# IDE в 2.6 ядрах медленнее чем в ядрах 2.4

## NTM

Не знаю уж что и делать , поставил 2.6.10 , один хрен скорость ide  в два раза ниже чем с ядром 2.4.X .

Конфигурация ядер одинаковая .

Комп :

TUSL2-C

C1300

64Mb SDRAM

MAXTOR 20GB

SEAGATE 80GB

SEAGATE 80GB

SEAGATE 160GB

Пробывал подключать винты на внешние IDE контроллеры - Promise Ultra100TX2 и HighPoint376 , тоже самое , hdparm -t /dev/hde показывает в 2-3 раза меньше

----------

## ba

запости чтоли hdparm /dev/hdX и hdparm -I /dev/hdX на обоих ядрах (хотя бы на 2.6)

[edit]

и еще, попробуй не hdparm-ом, а time dd if=/dev/hdX of=/dev/null bs=1M count=1000 померить в обоих случаях

----------

## YD

Сдаётся мне просто в ядре только generic драйвера. и наверно DMA обрублено.

----------

## NTM

 *YD wrote:*   

> Сдаётся мне просто в ядре только generic драйвера. и наверно DMA обрублено.

 

Да нет ...

При загрузке врубается hdparm -d1 -u1 -c3 -a8 -m16 -X69 -k1 -K1 -W1 -S254 и.т.д ... на все диски ,

вывод hdparm /dev/hdX , hdparm -i /dev/hdX и hdparm -I /dev/hdX показывает что всё там впорядке и в 2.4 и в 2.6 .

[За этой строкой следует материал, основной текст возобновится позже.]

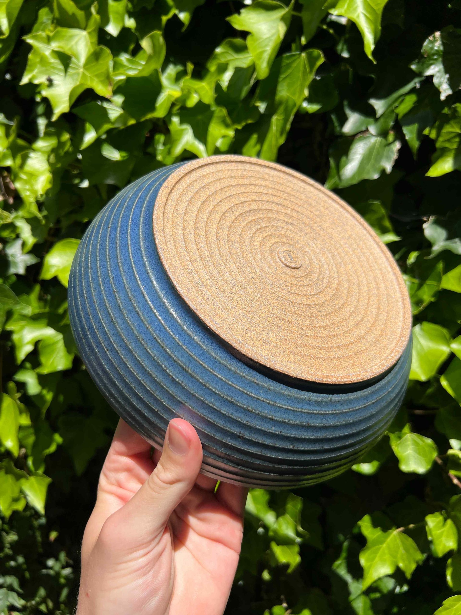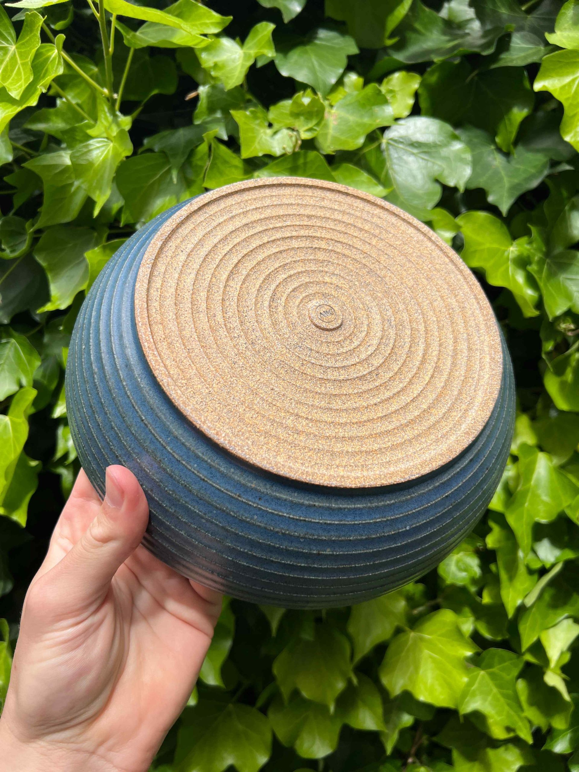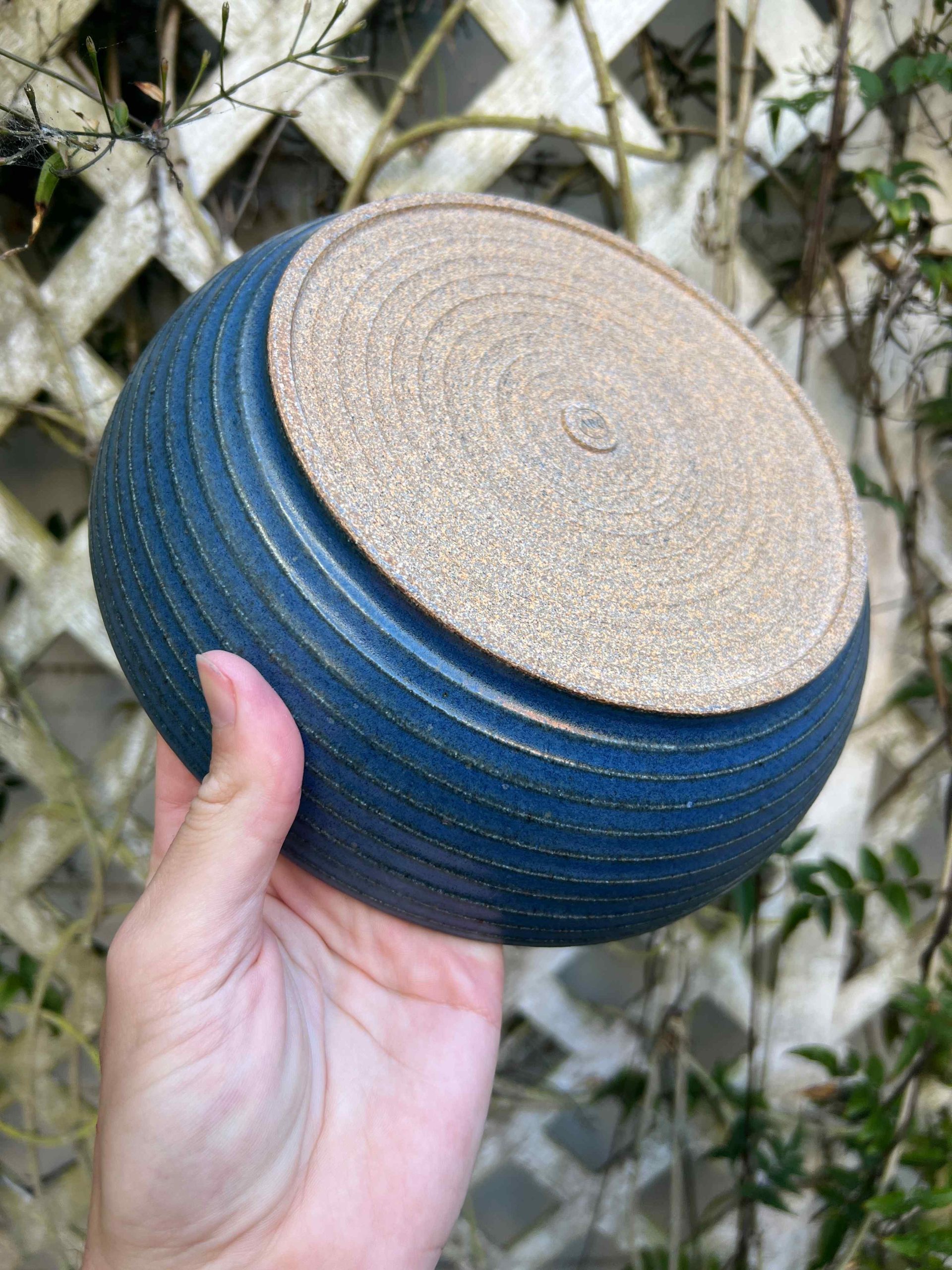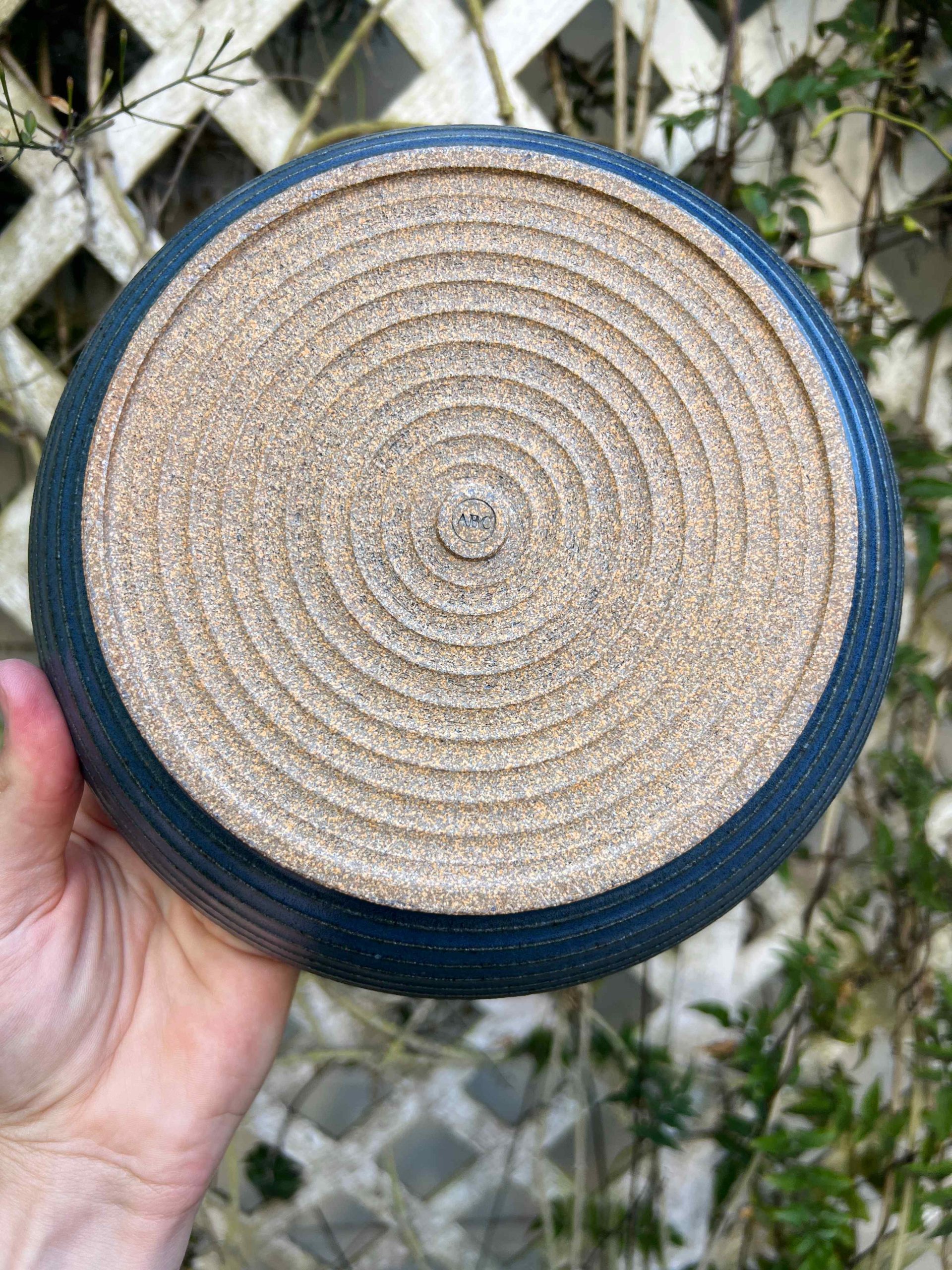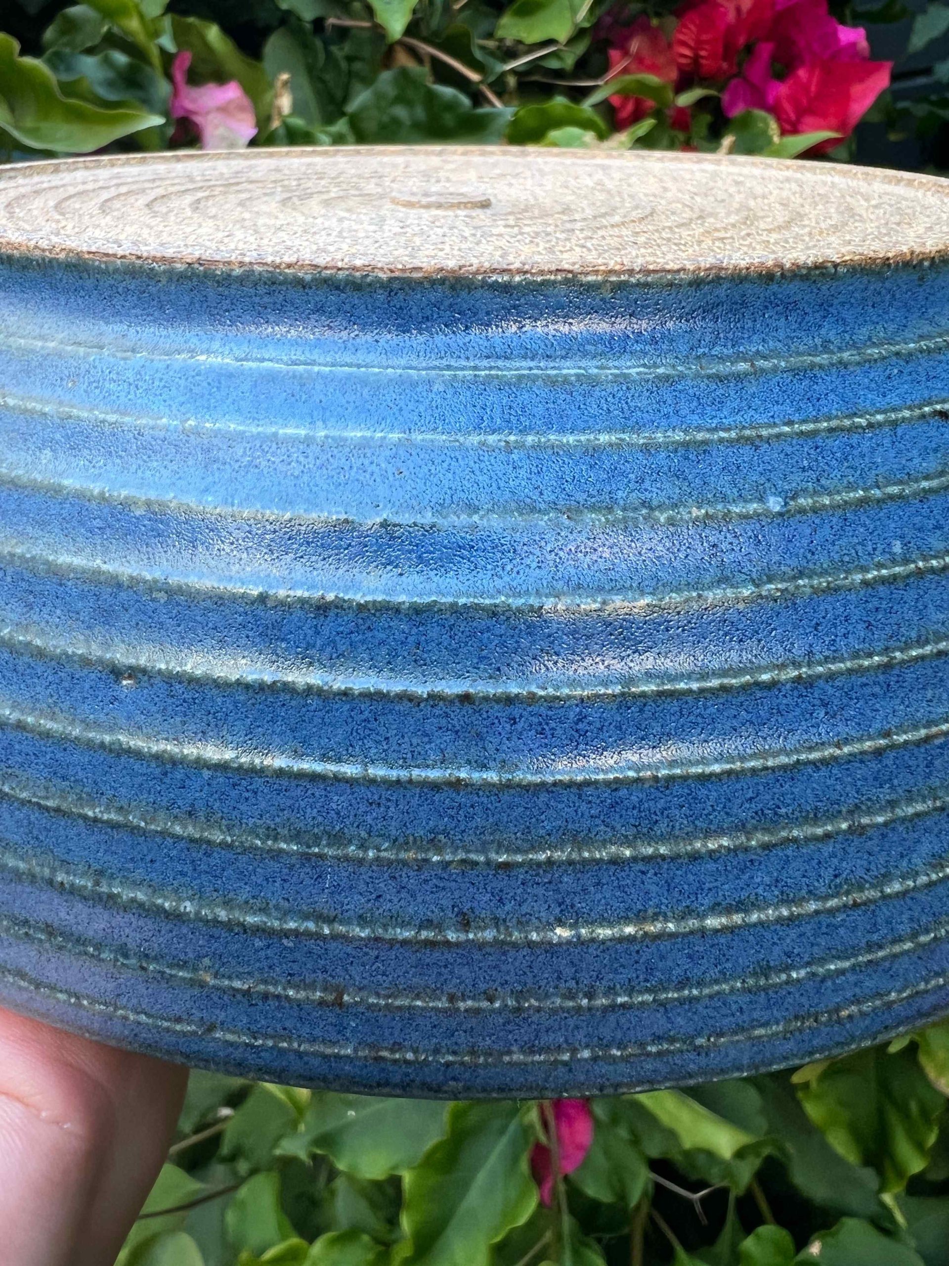 Our blue serving bowl is a great wide bowl for your next dinner party. The texture is added after the trimming process. The perfect piece for any kitchen.

Короче всё как надо , и там и там .

Ядра запускаю на одной и тойже системе .

Драйвера включены какие надо . Для контороллеров на которых тестил тоже .

----------

## NTM

 *ba wrote:*   

> запости чтоли hdparm /dev/hdX и hdparm -I /dev/hdX на обоих ядрах (хотя бы на 2.6)
> 
> [edit]
> 
> и еще, попробуй не hdparm-ом, а time dd if=/dev/hdX of=/dev/null bs=1M count=1000 померить в обоих случаях

 

Щас попробую ...

----------

## ba

 *NTM wrote:*   

> При загрузке врубается hdparm -d1 -u1 -c3 -a8 -m16 -X69 -k1 -K1 -W1 -S254 и.т.д ... на все диски

 

в этом и проблема, -a256 сделай

----------

## YD

Ещё стоит тебе самому просмотреть dmesg, возможно драйвер на что-то ругается типа: "no supported devices found - disabling"

----------

## NTM

 *ba wrote:*   

>  *NTM wrote:*   При загрузке врубается hdparm -d1 -u1 -c3 -a8 -m16 -X69 -k1 -K1 -W1 -S254 и.т.д ... на все диски 
> 
> в этом и проблема, -a256 сделай

 

Извините , но -a помоему вообще ненужно , а темболее 256 . Это упреждающее чтение , которое делает сама система , хотя итак еть -m 16 , чем занимается винт самостоятельно .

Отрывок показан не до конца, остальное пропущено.